Work to be completed: Repeat the listing word for word. No pictures belong in the copy.

Supplied material:
------------------------------------------------------------------------

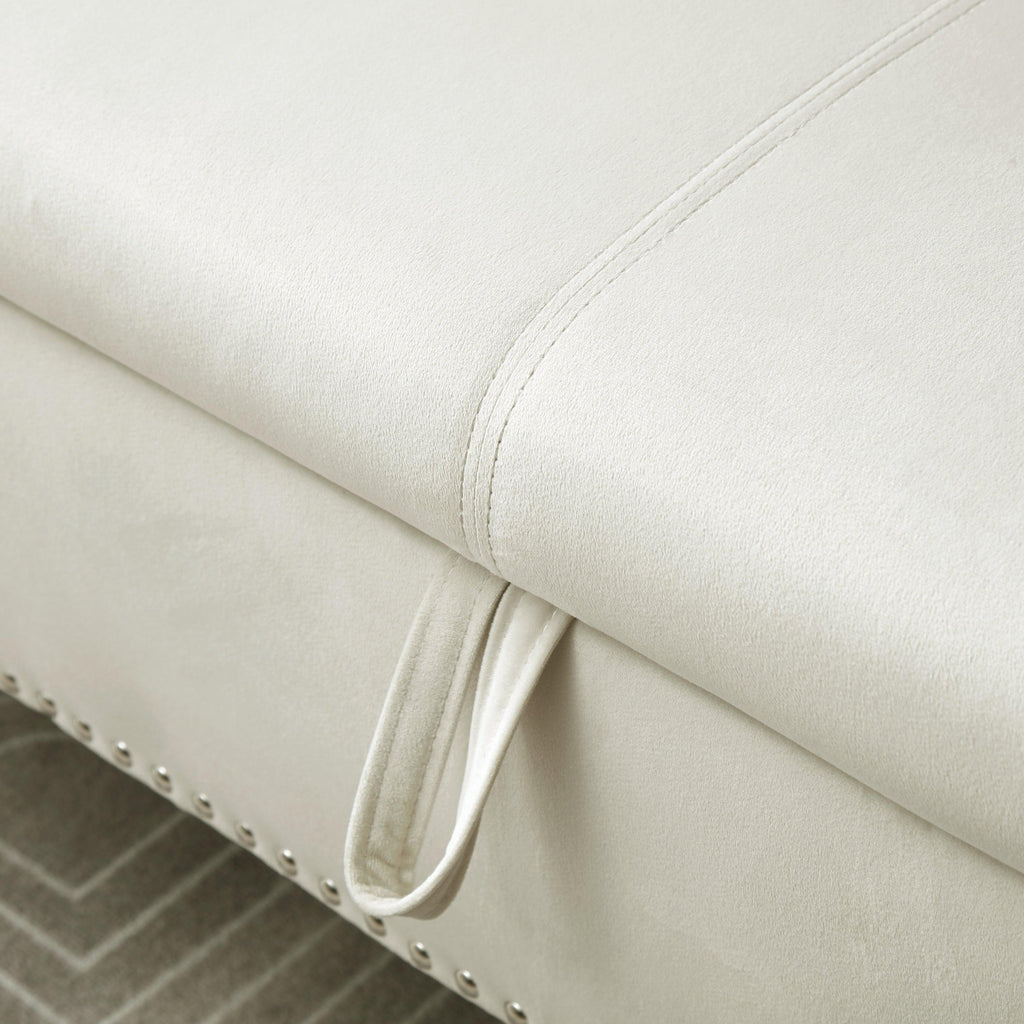 Perfect upholstered flip top storage bench,stylish and functional.With rolled arms,lovely button-tufted,nailhead trimmed and soft pressure hinges, this ottoman is an ideal addition to any interior space. Not only provides large storage room, but also offers you a comfy bench seat.
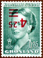 Until 1969 Greenlandic stamps carried the country's name only in Danish. Stamps issued on and after 11th March 1969 all carry the country's name in two languages, Greenlandic and Danish. The local name of the country is Kalaallit Nunaat, literally meaning "The Land of Man".
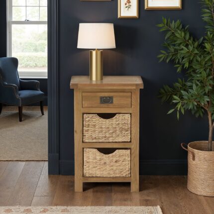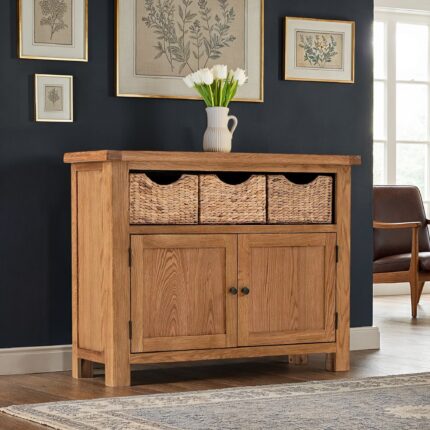 Original price was: £369.95.£184.98Current price is: £184.98.Zelah Oak Small Sideboard with Baskets
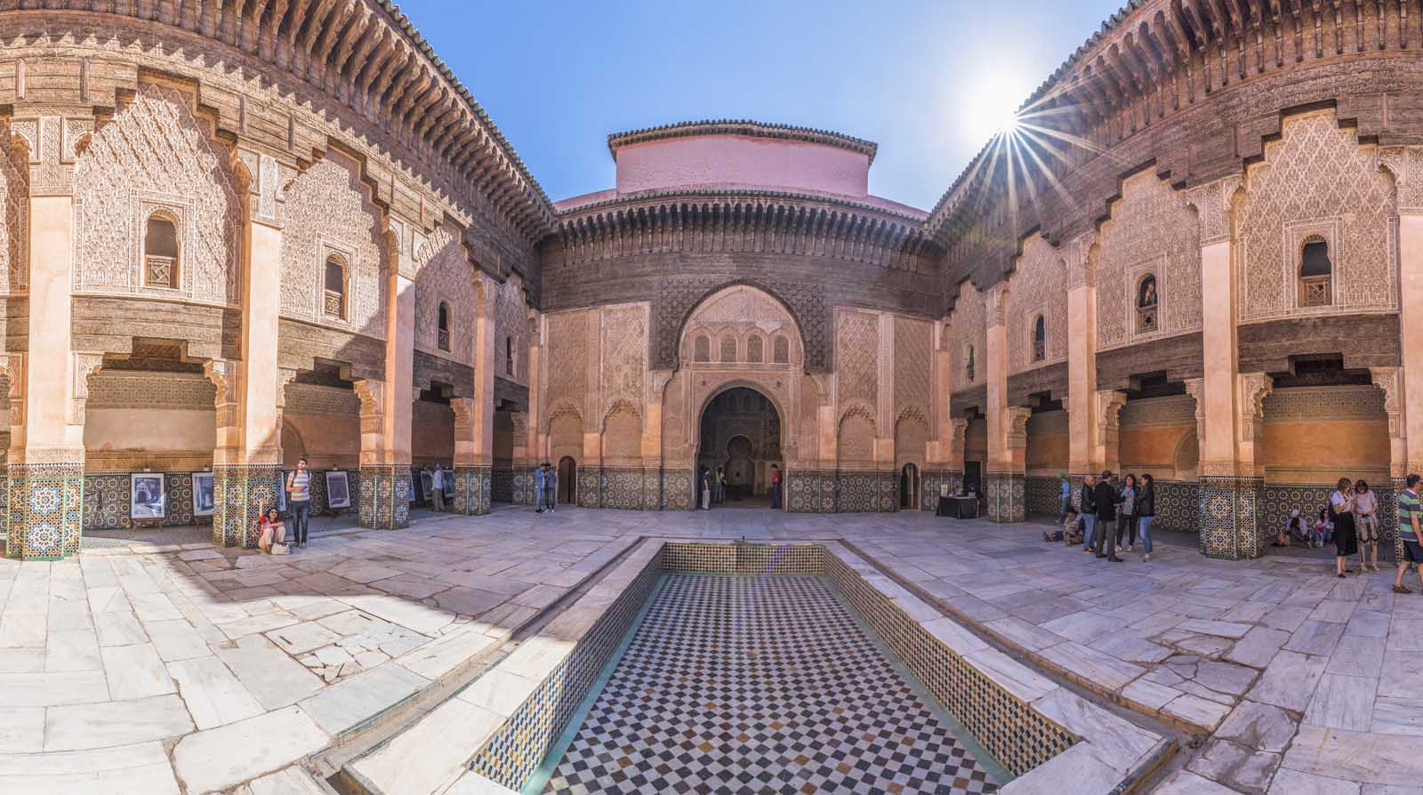 マドラサは元教育機関であり、ベン・ユーセフ・マドラサはモロッコで最大のイスラム学校でした。ドアの中を歩くと、まるで時間をさかのぼって、学生がホールを歩いて中庭を囲む寮で寝ているように感じます。

------------------------------------------------------------------------

Expected output:
 Perfect upholstered flip top storage bench,stylish and functional.With rolled arms,lovely button-tufted,nailhead trimmed and soft pressure hinges, this ottoman is an ideal addition to any interior space. Not only provides large storage room, but also offers you a comfy bench seat.
 Until 1969 Greenlandic stamps carried the country's name only in Danish. Stamps issued on and after 11th March 1969 all carry the country's name in two languages, Greenlandic and Danish. The local name of the country is Kalaallit Nunaat, literally meaning "The Land of Man".
 Original price was: £369.95.£184.98Current price is: £184.98.Zelah Oak Small Sideboard with Baskets
 マドラサは元教育機関であり、ベン・ユーセフ・マドラサはモロッコで最大のイスラム学校でした。ドアの中を歩くと、まるで時間をさかのぼって、学生がホールを歩いて中庭を囲む寮で寝ているように感じます。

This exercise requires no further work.